The VVP workspace, StarRocks cluster, and ApsaraDB RDS for MySQL instance must be in the same VPC and zone.
The StarRocks cluster must be EMR-3.42.0 or later.
The Flink engine must be vvr-4.0.11-flink-1.13 or later.
Notes
If you modify an ApsaraDB RDS table using the ALTER TABLE statement, you must manually synchronize the schema changes to StarRocks. If you create a new table in ApsaraDB RDS, you must run the data synchronization job again.
Procedure
Step 1: Prepare test data
Create a test database and account. For more information, see Create a database and an account.
After you create the database and account, grant read and write permissions to the test account.

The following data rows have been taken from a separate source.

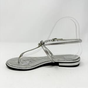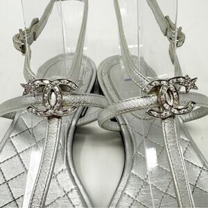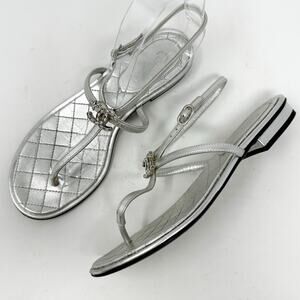 Chanel Silver Leather Crystal Embellished CC Thong Flat Sandals
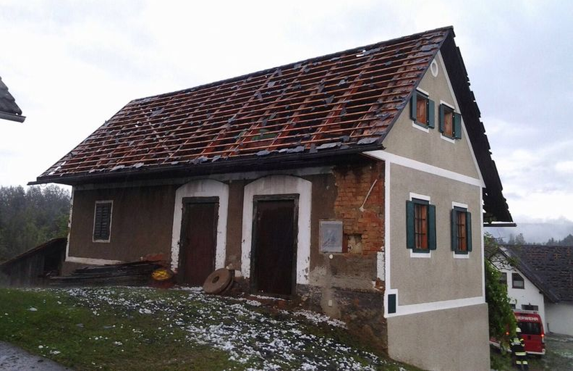 Obr. 4b - Zničená strecha po krupobití v Rakúsku.
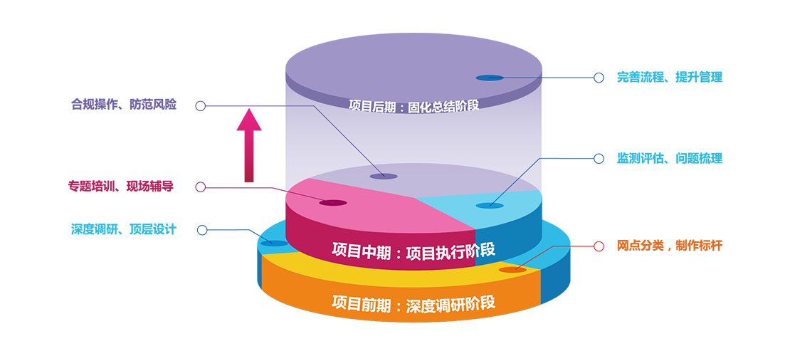 - 針對各個層面,進行分層培訓和宣導,配合網點現場輔導。
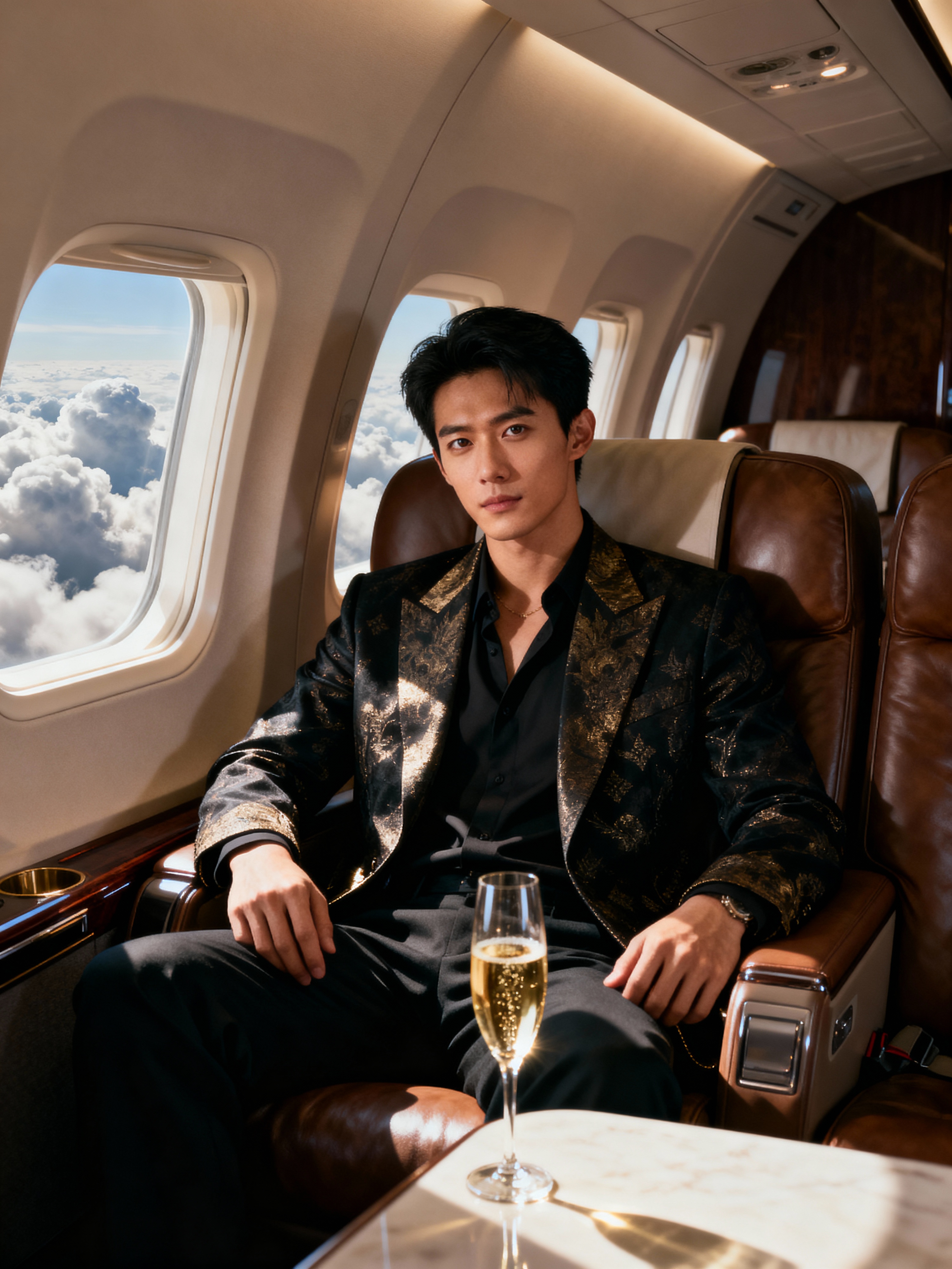 beautiful influencer instagram model wearing elegant clothes sitting in private jet cabin, with leather interior, luxurious. champagne is on the table. outside is clouds because we are flying.
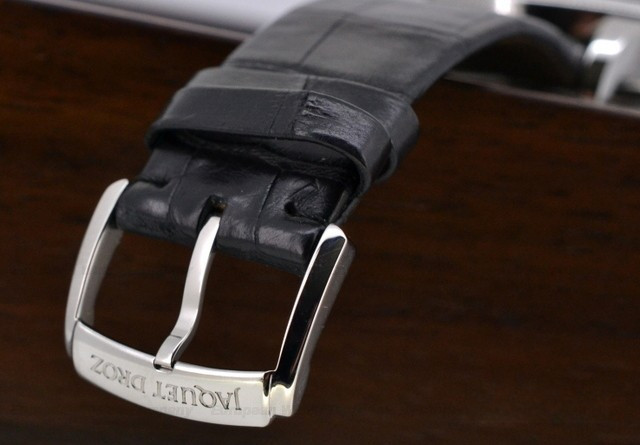 Часы Jaquet Droz Magestic Beijing Grande Heure Minute J017010201 обладают круглым корпусом из нержавеющей стали, диаметром 41 мм, водонепроницаемостью до 30 м. Рифленая заводная головка расположена на отметке 3 часа. Сапфировое стекло установлено на передней стороне часового корпуса (с антибликовым покрытием) и на его завинчивающейся задней крышке. Циферблат серого цвета со стрелками серебристого цвета. Модель оснащена мануфактурным швейцарским автоматическим механизмом. Калибр Jaquet Droz 1169 с 68-часовым запасом хода, функциями индикации часов, минут и секунд. Калибр отменно отделан и декорирован. Поставляется на ремешке из кожи аллигатора с вставкой из нержавеющей стали. Модель выпускается ограниченной серией в количестве 88 экземпляров.
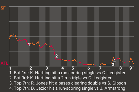With Atlanta leading 1-0 in the bottom of the third, Hartling came up to bat against San Francisco pitcher Chase Ledgister. Hartling hit a fastball to right-center for a 2-run triple. His 2nd triple of the season put the Braves on top, 3-0.
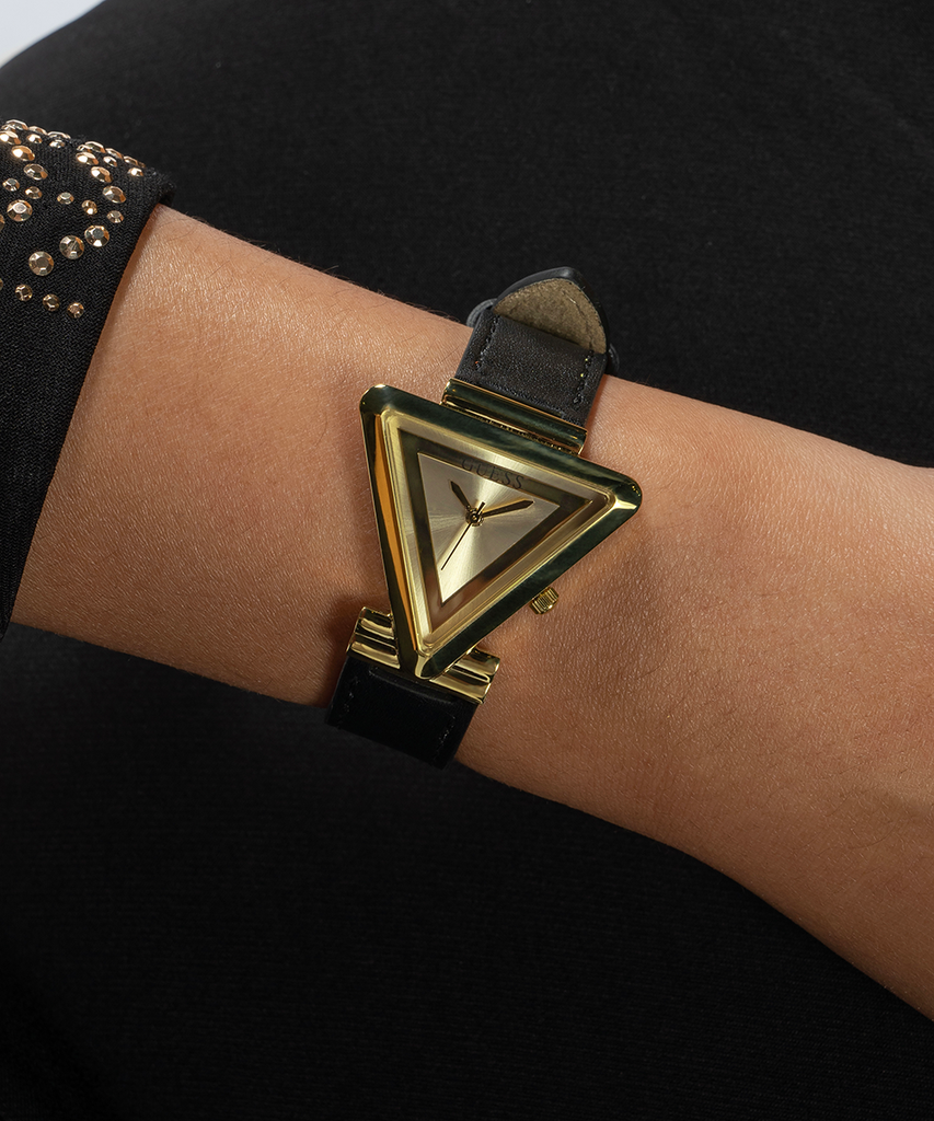 Guess Fame Quartz Gold Dial Black Leather Strap Watch For Women - GW0548L3
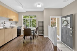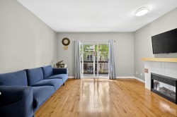 Welcome to Sundance! Ideally situated in a quiet part of the complex with a convenient South Surrey location. The North-facing kitchen overlooks a fenced yard, while the main floor offers solid hardwood flooring, a cozy fireplace, and a sunny South-facing balcony. Upstairs you'll find a spacious primary bedroom, a second bedroom, and a full bath. The lower level features a generous rec room with sliding door access to the yard—perfect for a third bedroom or office. Rough-in plumbing offers the potential for an additional bathroom. Includes a single garage plus covered carport for extra parking.

NoteIn this topic, the database is named `test_cdc` and the account is named `emr_test`.
Use the test account to connect to the MySQL instance. For more information, see Log on to an ApsaraDB RDS for MySQL instance using DMS.
Execute the following command to create a table.
/* Statement to create a table in MySQL */ CREATE TABLE test_cdc.`runoob_tbl` ( `runoob_id` int unsigned NOT NULL AUTO_INCREMENT, `runoob_title` varchar(100) NOT NULL, `runoob_author` varchar(40) NOT NULL, `submission_date` date DEFAULT NULL, `add_col` int DEFAULT NULL, PRIMARY KEY (`runoob_id`) ) ENGINE=InnoDB INSERT INTO test_cdc.`runoob_tbl` (`runoob_id`,`runoob_title`,`runoob_author`,`submission_date`,`add_col`) values (18,'first','tom','2025-06-22 17:13:44',3)On the Security page of the ApsaraDB RDS console, add the CIDR block of Flink to the whitelist. For more information, see Step 2 in Connect to an ApsaraDB RDS for MySQL instance from a client or the command line.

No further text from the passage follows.